Crimmins sipped his whiskey. He coughed into a blotchy handkerchief. “Why do you want to know?”
“Hell, I don’t know, I may want a taste of it. Maybe I’ll join up with the Brits, go over there and shoot me a German or two.”
Crimmins closed his eyes. “You do that.”
“Come on, Uncle Tim, tell us how you got that scar. Was it a bayonet, or an angry whore with a switchblade?”
Crimmins lit his pipe. He drew on the tobacco until it glowed. He closed his eyes, and the smoke curled around his hat.
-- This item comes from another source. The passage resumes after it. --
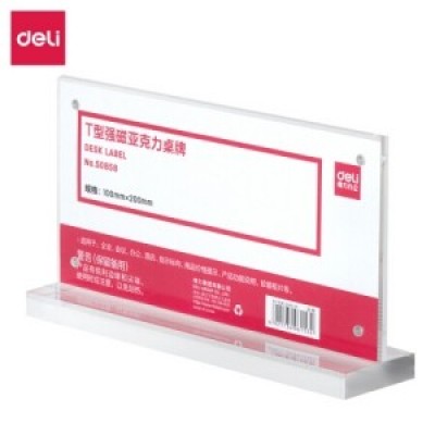 得力(deli)50858 T型强磁吸附亚克力桌牌 单面透明 10x20cm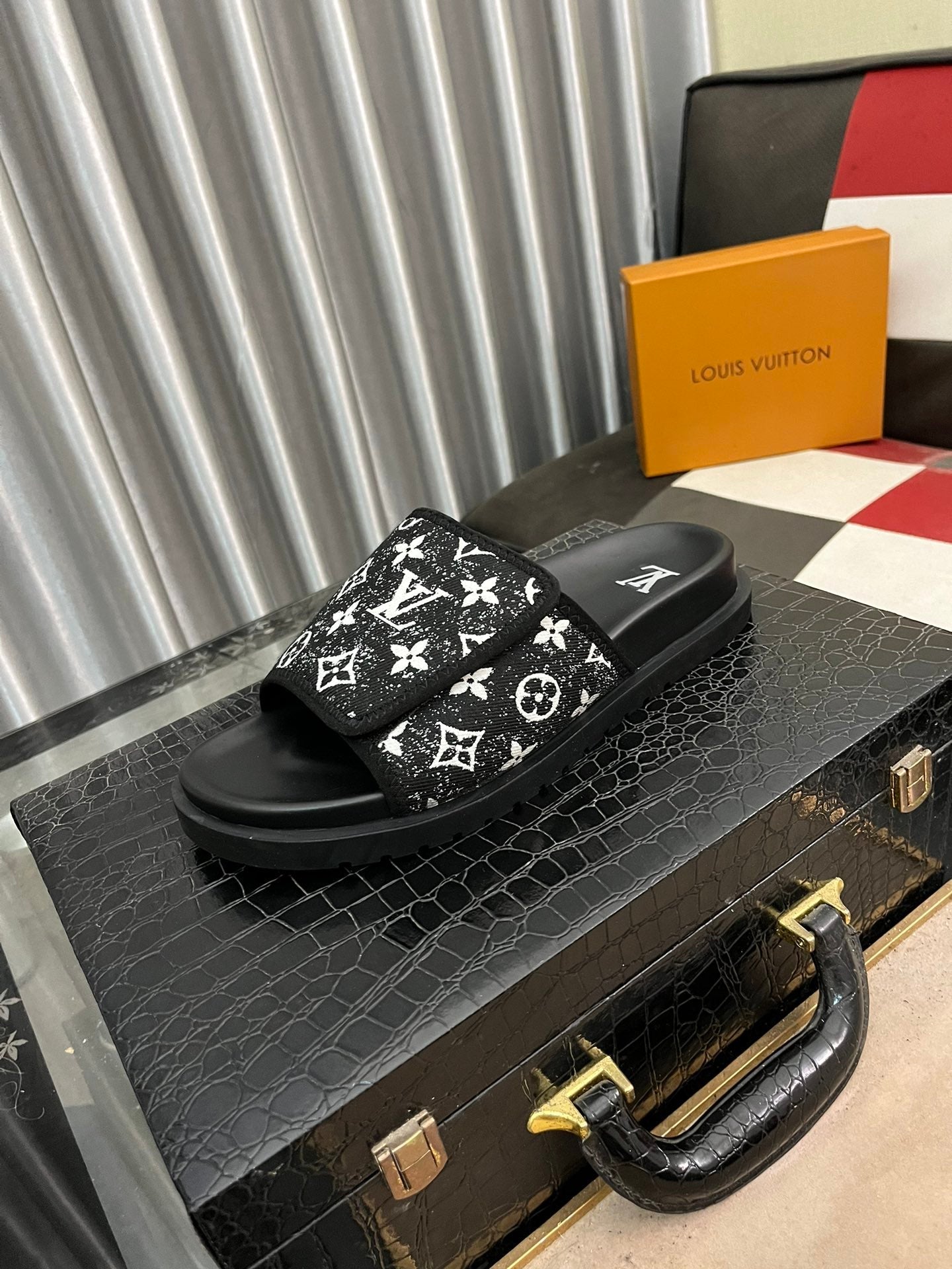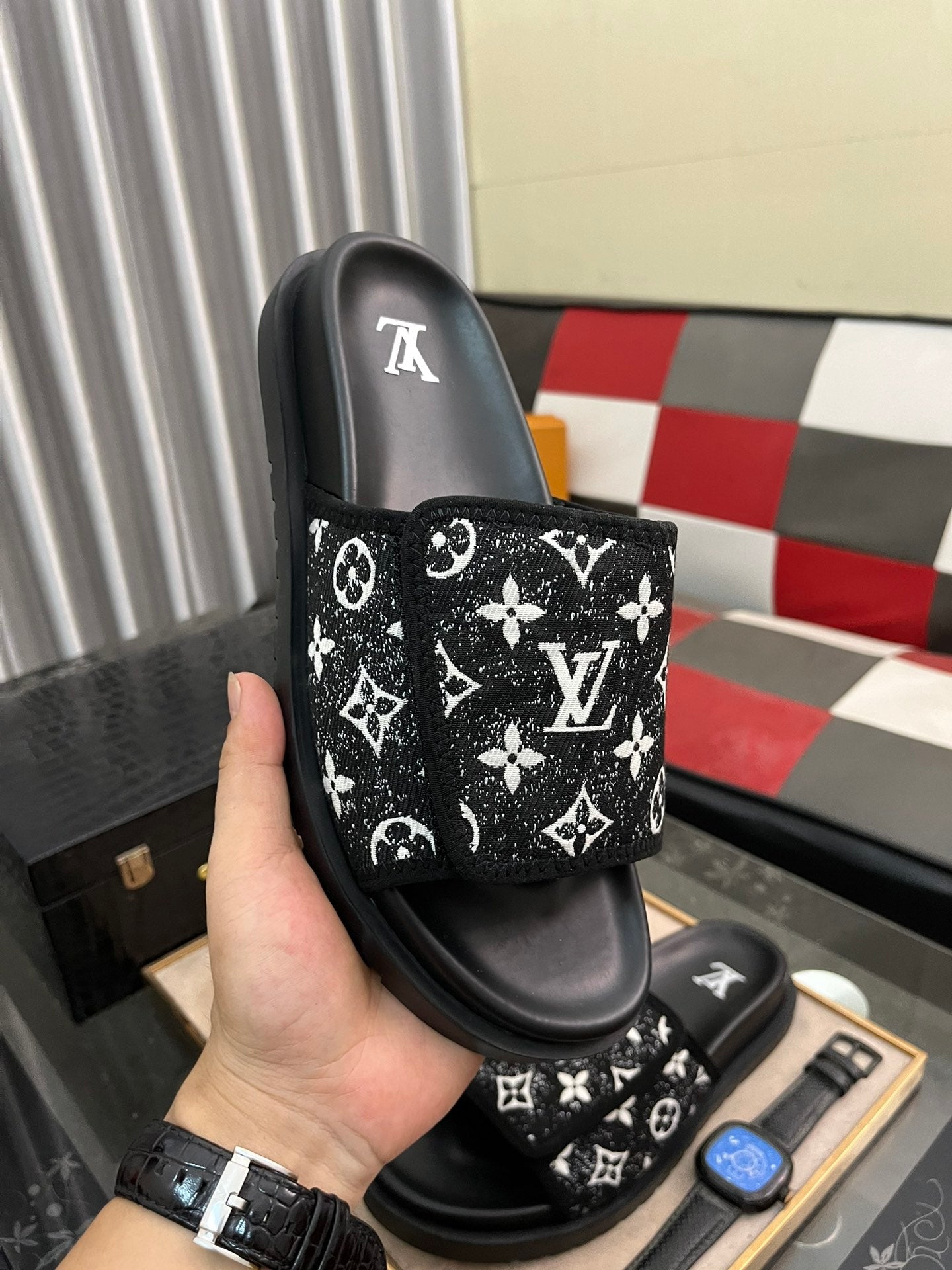 MIAMI MULE IN BLACK MIX WHITE MONOGRAM JACQUARD

Aw, he’s probably forgotten about it, one of the men said. He’s too drunk to remember, said another, and then one by one they drifted away, all except for Peck. After a few minutes, Crimmins opened his eyes. “You still here?”
“Yeah, Tim. Tell me something.”
The old man leaned toward him. “I fought at Gettysburg. For three days.” He leaned back and didn’t say another word for the rest of the evening.
*
Benjamin and Alex played checkers and ate graham crackers with butter and jelly at the dining room table. Benjamin had stopped at Plotkin’s Grocery on his way home from the playground that afternoon and found a newspaper in the trash that had “War in Europe!” in huge letters on the front page.
Alex wanted to know what it meant, now that the war had begun, was Arthur going to fight, did he have a gun, when is he coming home, to which Benjamin replied, “I don’t know.”
After a few moves, Alex said, “When’s Daddy coming home?”
Benjamin did a double jump. “Late, probably. Why do you keep rubbing your head?”
“Sometimes I get a hurt on the inside.”